Coverage of the paperback continues, I'm gratified to say.

Kevin L. Carter, writing for U.S. 1, out of Princeton, New Jersey, offers a kind assessment of Watching the World Change in his piece, "Analyzing the Photos of 9/11."

VanityFair.com, the ever-reliable Web site, provides a slideshow of significant images from the pages of the book, including this arresting image by photographer Rob Howard who happened to lean out his window with a medium-format camera at the very instant the second plane made its fatal approach toward with the south tower.

rob%20howard.jpg

PHOTO BY ROB HOWARD

And then, in its efforts to disseminate online versions of every morsel of media, unfiltered, YouTube has posted an entire 40-plus-minute talk I gave at Google's New York headquarters -- warts and all, quite literally. Tell a friend or two.

tif-youtbue.dmf.tiff

GOOGLE-GRAB OF YOURS TRULY

I have a new theory, germinated just now. I call it Repurposing Calculus. In the mathematics of Repurposing Calculus, the above clip is a Derivative 4: four steps removed from the original media creation.
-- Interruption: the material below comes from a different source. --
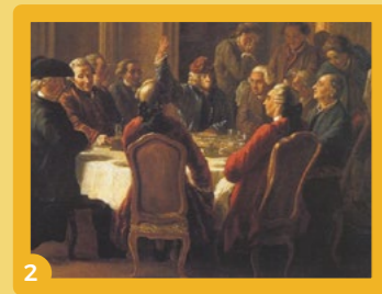
2 « Rousseau...Voltaire... D'Alembert... Condorcet face aux Lumières », le 2 avril, conversation animée par Isabelle Marsay.

It is a screen grab for a Website, taken from a Google video, recorded at a lunchtime talk, about a book. (Since the book is about media, it could arguably be recomputed as a Derivative 5. And if you email me a comment about the video, and I post it on this Website, together we could extend the chain to a Derivative 6 or 7.)

All of which is a way of warning: We are perpetually at a remove from the spark of creativity, writing not books but blog posts, reacting not to films but to reviews, hearing not symphonies but random iPod shuffles. Our synapses are hot-wired to synopses.